La domanda può essere inviata, a partire dal 10 marzo 2026, dai datori di lavoro o dai loro consulenti del lavoro tramite l'apposito servizio presente sul portale istituzionale www.inps.it, digitando nel campo "Cerca" le parole "Accesso ai servizi per aziende e consulenti" e autenticandosi con la propria identità digitale (SPID almeno di livello 2, CIE 3.0 o CNS). Successivamente si deve selezionare l'opzione "CIG e Fondi di solidarietà" e "Fondi di solidarietà". Dal menu a tendina dell'invio domande si deve scegliere per intervento: "002 Formazione" e, quindi, per Fondo: "Fondo Trentino" e inserire la matricola aziendale e il periodo richiesto.
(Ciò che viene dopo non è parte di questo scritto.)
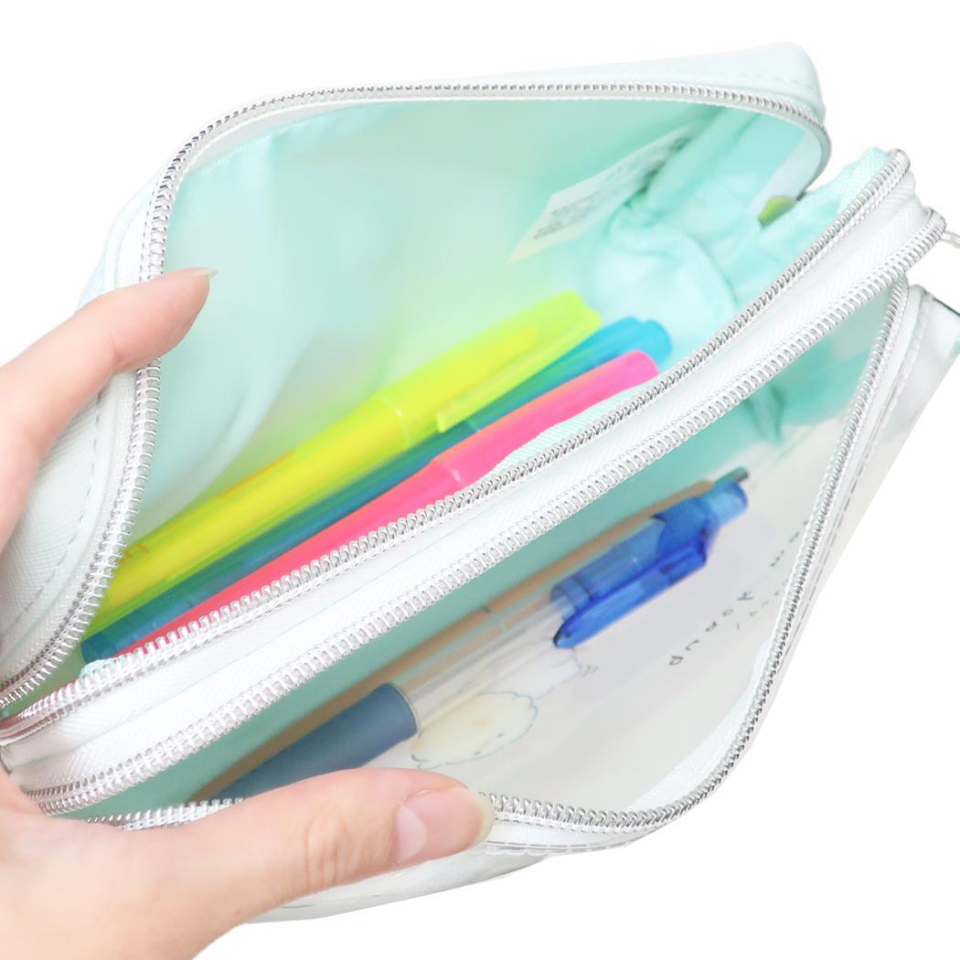 新学期に可愛い雑貨や文具で揃えちゃおう 毎日が楽しくなるキュートなZAKKAシリーズこちらは超人気アイテム[ツインファスナーペンポーチ]ペンや小物などを分けて収納出来て使いやすいマチ広の大容量タイプでたっぷり入れられます同シリーズのかわいい文具いろいろあるのでお気に入りを揃えてくださいサイズ:約185x75x50mm素材:合成皮革/PVC

Le domande possono essere presentate, per gli importi effettivamente fruiti, dal giorno successivo alla data in cui è terminato l'intervento formativo per il quale viene richiesto il finanziamento e, comunque, non oltre il sesto mese da tale data o dalla data dell'accordo se successiva.
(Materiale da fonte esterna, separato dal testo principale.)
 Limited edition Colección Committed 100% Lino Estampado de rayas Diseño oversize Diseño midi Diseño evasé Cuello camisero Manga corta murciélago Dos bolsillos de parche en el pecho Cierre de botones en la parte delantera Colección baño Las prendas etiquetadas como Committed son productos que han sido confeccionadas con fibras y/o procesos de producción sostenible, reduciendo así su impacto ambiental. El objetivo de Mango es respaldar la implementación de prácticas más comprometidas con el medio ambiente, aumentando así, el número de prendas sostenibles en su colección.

Domande integrative alla NASpI
L'articolo 7, comma 2, del DM 15 novembre 2023 prevede che il Fondo in parola eroghi tutele integrative, in termini di importi e durate, rispetto alle prestazioni previste dalla legge in caso di cessazione del rapporto di lavoro. L'articolo 10 disciplina le tutele integrative delle prestazioni connesse alla cessazione del rapporto di lavoro destinate ai lavoratori stagionali e ai lavoratori che hanno compiuto 58 anni di età e che non hanno ancora maturato i requisiti minimi previsti per il pensionamento di vecchiaia o anticipato. La contribuzione correlata alla prestazione è versata alla gestione di iscrizione del lavoratore interessato a cura del Fondo.
La domanda può essere inviata, a partire dal 10 marzo 2026, dai datori di lavoro o dai loro consulenti del lavoro tramite l'apposito servizio presente sul portale istituzionale www.inps.it, digitando nel campo "Cerca" le parole "Accesso ai servizi per aziende e consulenti" e autenticandosi con la propria identità digitale (SPID almeno di livello 2, CIE 3.0 o CNS). Il servizio per l'invio telematico della domanda è disponibile al seguente percorso: "CIG e Fondi di solidarietà" > "Assegno emergenziale".
Il datore di lavoro, al momento della presentazione della domanda, deve selezionare il Fondo, allegando i dati analitici dei lavoratori utilizzando il citato allegato, che costituisce parte integrante della domanda.